Firm reports seven per cent increase in sales for the full year.
The Walt Disney Company has reported its financial results for its fiscal year and fourth quarter ended October 1st, 2011.
Full year revenues increased by seven per cent to $40.9 million, compared to $38 million in 2010. Net profit also increased by 21 per cent to $4.8 million. The figure was $3.9 million in 2010.
For the fourth quarter, sales were up by seven per cent to $10.4 million, compared to $9.7 million in Q4 2010. Year-on-year, the Q4 net profit increased by 30 per cent to $1 million, compared to $0.8 million.
“Fiscal 2011 was a great year financially and strategically, demonstrating the strength of our brands and businesses with record revenue, net income and earnings per share,” said Disney president and CEO Robert Iger.
“We are confident the company is well-positioned to deliver long-term value for our shareholders with our focus on quality content, compelling uses of technology and global asset growth.”
Consumer products revenues for the year increased 14 per cent to $3 billion and operating profit for the segment increased 21 per cent to $816 million. For the quarter, sales increased 12 per cent to $816 million and segment operating income increased 13 per cent to $207 million.

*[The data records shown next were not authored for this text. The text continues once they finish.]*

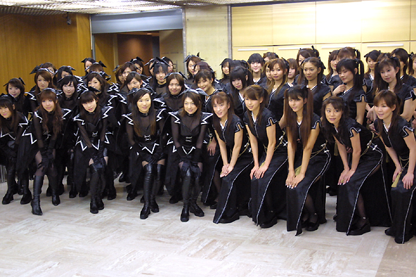 さて,正午を挟んで13時15分からは,マビノギガールズ秋葉原ジャックである。ワシントンホテルの隣にある,労働省秋葉原庁舎2階がこのイベントのヘッドクォーターとなっており,まずは集結を完了したマビノギガールズ50名の洗礼を受ける。 ……黒い。とにかく黒い。いや何かの比喩ではなく,両キャラクターとも衣装が衣装なため,本当に黒づくめの集団なのだ。ファンタジーストラテジーゲームの中で閲兵式をやったらこんな感じだろうかと想像してしまう。いや,MMORPGなんですが。ナオ役のみなさんのなかには,髪型をきちんとツインテールにして扮装を凝らしている人もいたが,さすがに髪を白っぽく染めている人はいなかった。そりゃ黒くもなる。 このヘッドクォーター,50名が準備/待機するには十分な面積なのだが,いかんせん奥行きがあまり取れない。よって,写真を撮ると,もれなく一面の黒服軍団。その威容をしばし堪能されたい。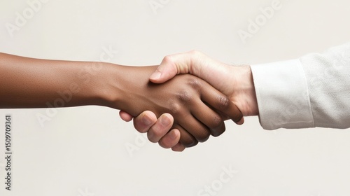 Two hands shaking, one black and one white, against a white background
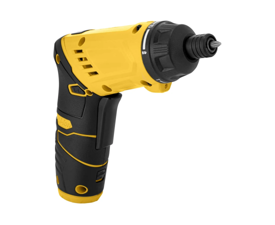 Отвертка КТ-6492 имеет Г-образную форму и удобно лежит в руке. Форму устройства можно легко изменить на прямую для большего удобства использования. Благодаря подсветке в верхней части устройства удобно работать даже в темных местах. В рукоятке отвертки есть фонарь, который можно включить независимо от включения устройства.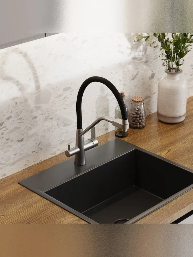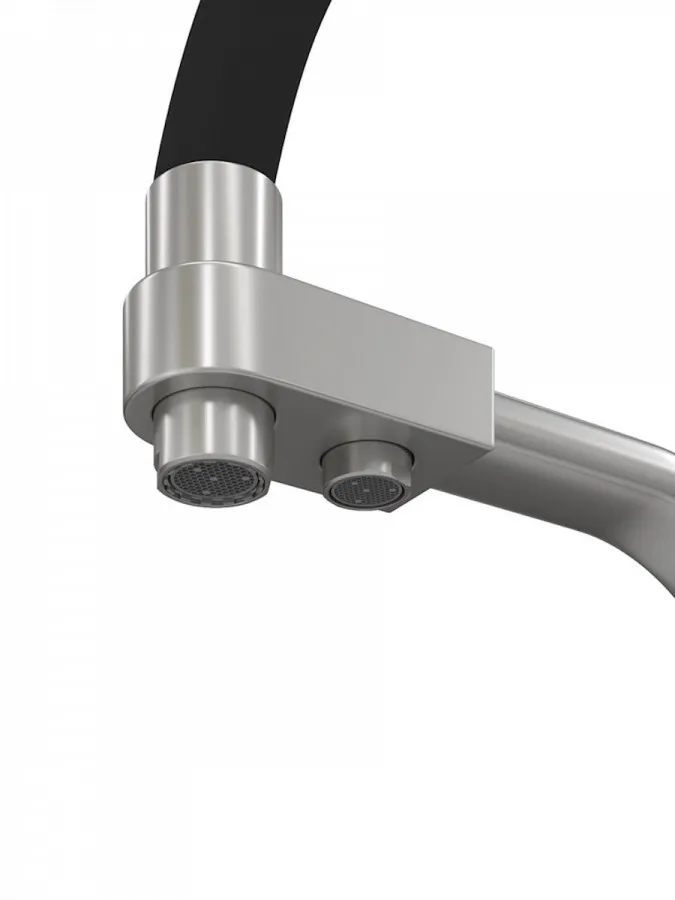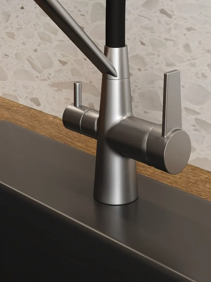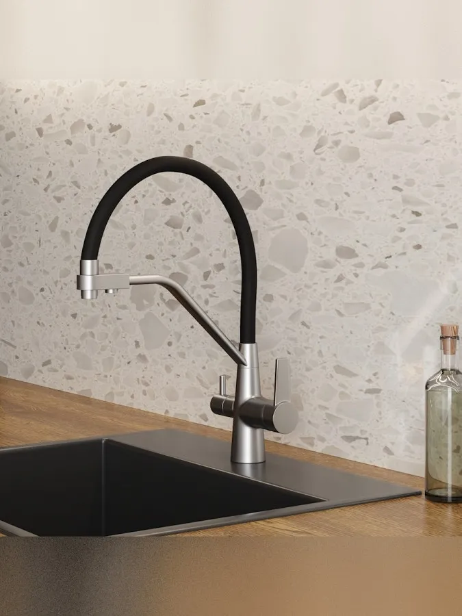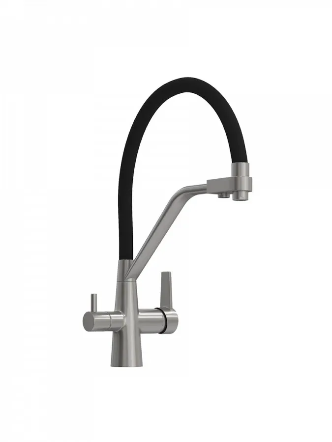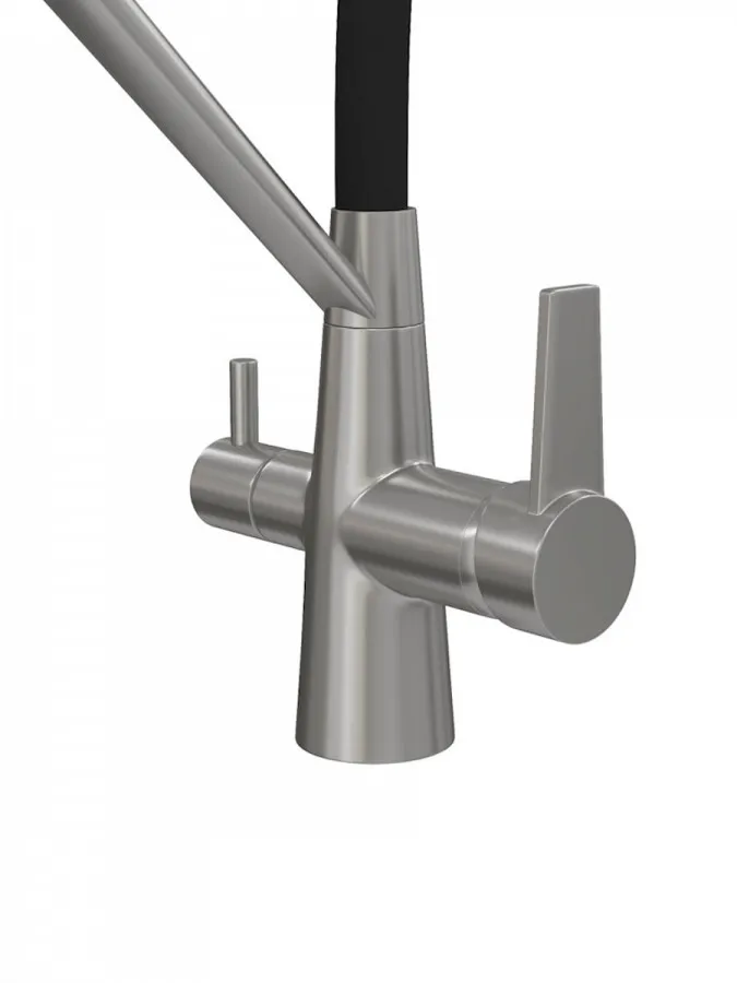 - Главная особенность модели — система 2-в-1 для подачи питьевой воды. Потоки разделены и управляются отдельным рычагом, что позволяет пользоваться как обычной водой, так и фильтрованной без установки дополнительного крана. Такое решение не только экономит место на мойке, но и делает использование максимально удобным.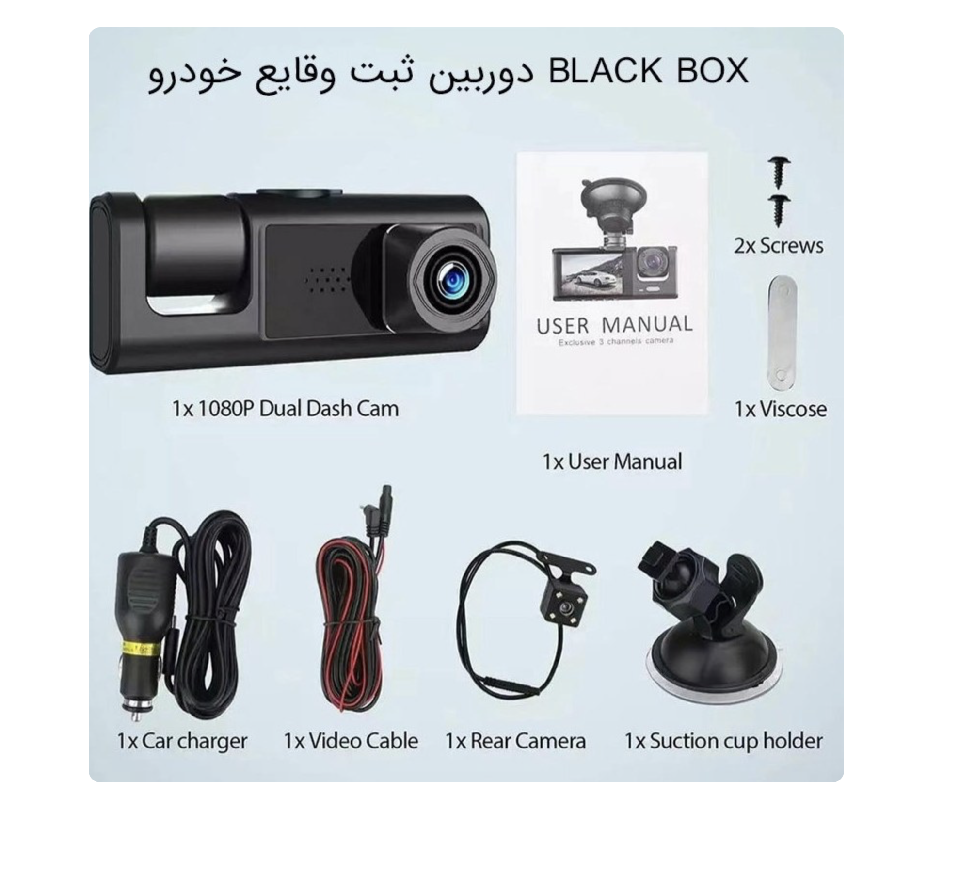 ناموجوددوربین ثبت وقایع خودرو بلک باکس مدل C309 سه لنز با کیفیت فول اچ دی

The increased profit in consumer products for both the year and quarter was driven by higher merchandise licensing revenues reflecting the strong performance of Cars merchandise and higher revenue from Marvel properties.
The increase in revenue from Marvel properties reflected the impact of acquisition accounting which reduced revenue recognition in the prior-year periods. These increases were partially offset by a higher revenue share with the Studio Entertainment segment primarily due to the performance of Cars merchandise.
The increase in revenue from Marvel properties for the year also included an additional quarter of operations for Marvel which was acquired at the end of the first quarter of the prior year.
Additionally, results for the year reflected an improvement at the Disney Store North America driven by higher comparable store sales.